Motherhood is all about sacrifice. For centuries mothers have been giving up what they want and need in order to accommodate the more pressing demands of their children. We give up sleep, leisurely meals, perky breasts, time, energy, you name it. We happily give it all up to raise these beautiful little creatures and have them prosper and grow into their oversized personalities.
For the past five years I have been working every weekend in order to be able to be home during the week with my kids and avoid paying drastically for child care. My kids see more of me and I don't have to worry about who is caring for them on which day. I have sacrificed many a party, girls' night, dinner out, and basically most other regular event that happens on a weekend. I get the occasional weekend off, savoring every minute of it when I'm not rushing to make the most of it. Now that my oldest is in second grade, I miss out on his life most of all. He's at school all week while I'm home, and I spend most of the day sleeping when he's home on the weekends. It's lame, but it works for our family right now.
Next week I am doing something that is totally radical in the world of motherhood: I am going on vacation by myself. That's right, I said it. No husband, no kids, just girlfriends for five days in Florida. The opposite of sacrifice. Next week I am giving myself a well earned break from the chaos and taking a little sacrifice back. Feels totally reckless as I have never done anything like it before. I travel a lot, but I always take my kids with me. This year I had very little money, but airline miles I could only use myself. Hmmm, what to do?
Ignoring the waves of panic that wash over me at night (How will they be OK without me? Will I be able to will our plane to stay in the air and make it to the other side? Will the house crumble into dust from neglect or be condemned from filth when I return? Am I traumatizing them by taking myself away for so long?) I soldier on because I am downright psyched about this trip. We are staying on a houseboat (is there anything cooler than that?) and planning to fill our days with beach, snorkels, and tropical cocktails. My goal is to relax enough for the next seven years until I get another vacation like it.

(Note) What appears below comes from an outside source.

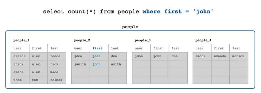 because the filter clause (where first = ‘john') includes the columns of the shard key.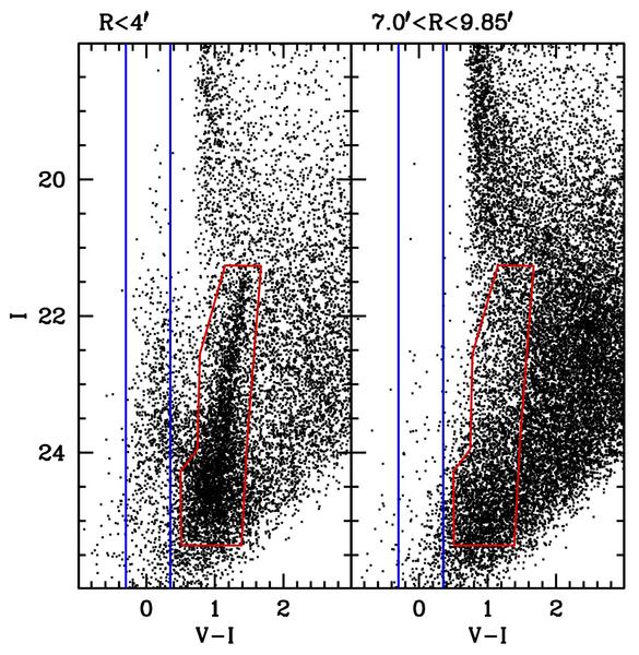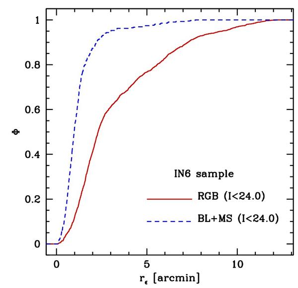 Upper panel: selection boxes for BL+MS stars and RGB stars are superimposed to CMDs representative of the Sgr dIrr galaxy (left panel) and of the fore/background contaminating field (right panel), from the MOSAIC sample. The colour range adopted to select BL+MS stars is −0.30 <V − I< 0.35. Note that the field CMD samples an area that is exactly three time of that sampled by the on target CMD. Lower panel: cumulative radial distribution of the BL+MS (dashed blue line) and RGB (continuous red line) populations in the same range of magnitude.

I am nervous about it because I am trained to sacrifice. It feels wrong to do something that is just for me. I'm not sure how that guilt was ingrained into me, but here it is. Wherever I go, this invisible umbilical cord has me attached to my children and I can't help but worry about where they are when they aren't with me. I think this feeling may never dissipate, and that it may be the permanent connection that makes motherhood such a powerful force.